RECORDS SUPPLIED:

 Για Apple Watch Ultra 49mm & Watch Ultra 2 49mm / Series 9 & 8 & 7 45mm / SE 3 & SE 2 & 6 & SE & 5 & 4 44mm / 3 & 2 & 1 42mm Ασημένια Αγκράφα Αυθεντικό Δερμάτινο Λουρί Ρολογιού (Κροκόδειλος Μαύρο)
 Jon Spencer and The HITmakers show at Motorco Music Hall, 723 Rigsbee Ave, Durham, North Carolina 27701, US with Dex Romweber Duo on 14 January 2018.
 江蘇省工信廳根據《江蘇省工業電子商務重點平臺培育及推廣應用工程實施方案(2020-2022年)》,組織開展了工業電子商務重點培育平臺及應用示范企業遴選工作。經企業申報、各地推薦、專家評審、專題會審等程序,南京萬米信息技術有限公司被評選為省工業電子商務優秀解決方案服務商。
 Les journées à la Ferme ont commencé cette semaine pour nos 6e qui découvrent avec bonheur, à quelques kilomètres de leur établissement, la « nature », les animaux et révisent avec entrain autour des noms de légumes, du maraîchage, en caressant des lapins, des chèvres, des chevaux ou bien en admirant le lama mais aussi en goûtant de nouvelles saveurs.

* * *

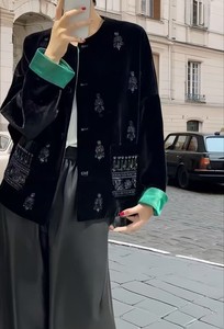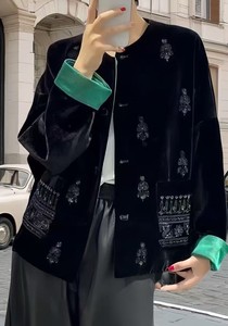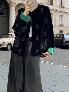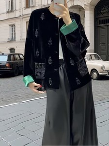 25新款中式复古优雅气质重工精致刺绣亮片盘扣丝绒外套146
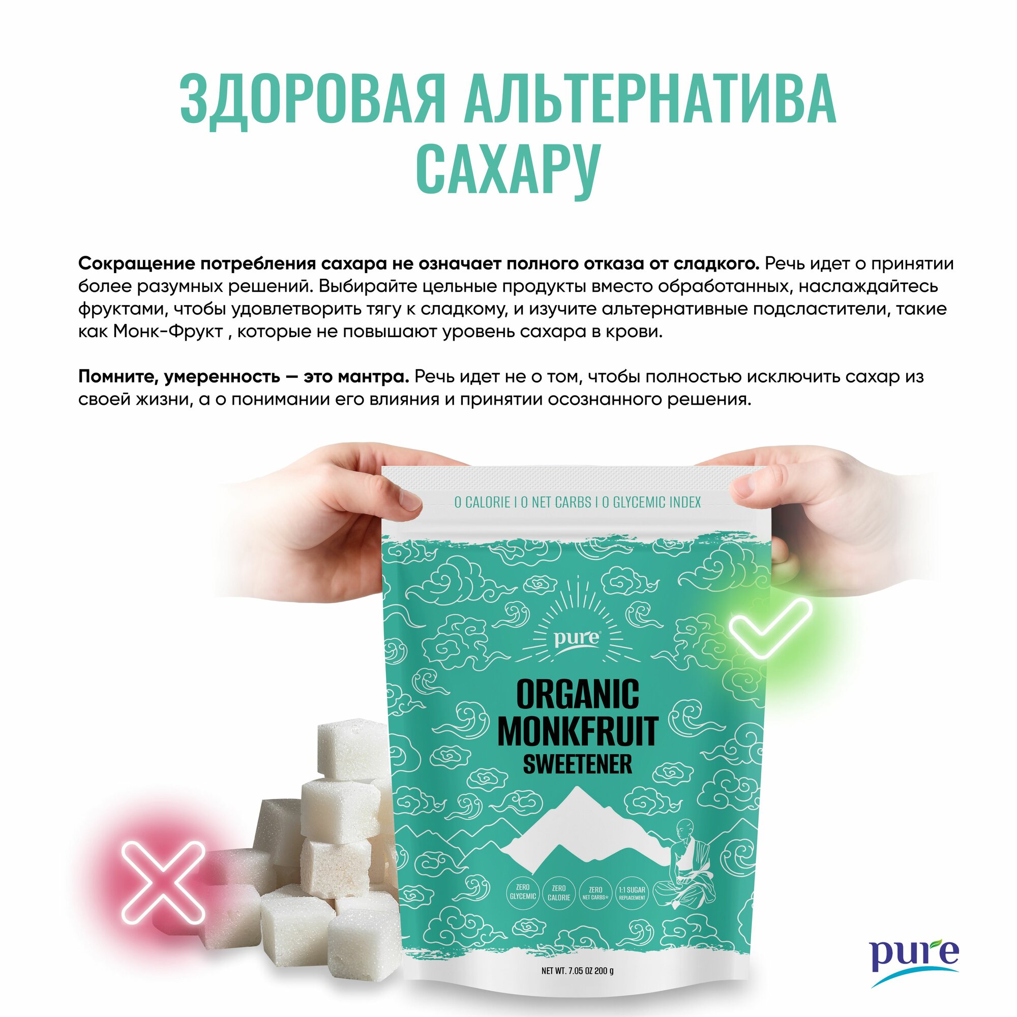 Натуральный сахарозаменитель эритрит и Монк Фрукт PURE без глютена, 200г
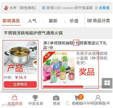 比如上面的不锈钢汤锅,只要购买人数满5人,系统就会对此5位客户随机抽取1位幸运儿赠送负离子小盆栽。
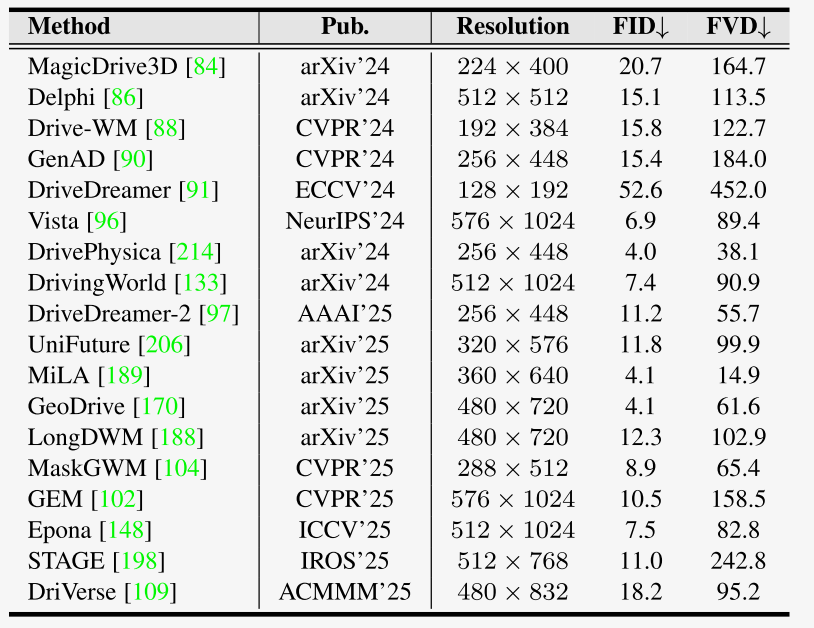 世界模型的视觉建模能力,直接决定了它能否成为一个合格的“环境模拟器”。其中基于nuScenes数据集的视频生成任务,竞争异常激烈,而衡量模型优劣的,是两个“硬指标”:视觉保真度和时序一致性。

AIM OF THE TASK:
Set down again, word for word, the stretch of records from the line with "Για Apple Watch" to the line with "江蘇省工信廳根據《江蘇省工業", both of those lines included.

ANSWER TO THE EXERCISE:
 Για Apple Watch Ultra 49mm & Watch Ultra 2 49mm / Series 9 & 8 & 7 45mm / SE 3 & SE 2 & 6 & SE & 5 & 4 44mm / 3 & 2 & 1 42mm Ασημένια Αγκράφα Αυθεντικό Δερμάτινο Λουρί Ρολογιού (Κροκόδειλος Μαύρο)
 Jon Spencer and The HITmakers show at Motorco Music Hall, 723 Rigsbee Ave, Durham, North Carolina 27701, US with Dex Romweber Duo on 14 January 2018.
 江蘇省工信廳根據《江蘇省工業電子商務重點平臺培育及推廣應用工程實施方案(2020-2022年)》,組織開展了工業電子商務重點培育平臺及應用示范企業遴選工作。經企業申報、各地推薦、專家評審、專題會審等程序,南京萬米信息技術有限公司被評選為省工業電子商務優秀解決方案服務商。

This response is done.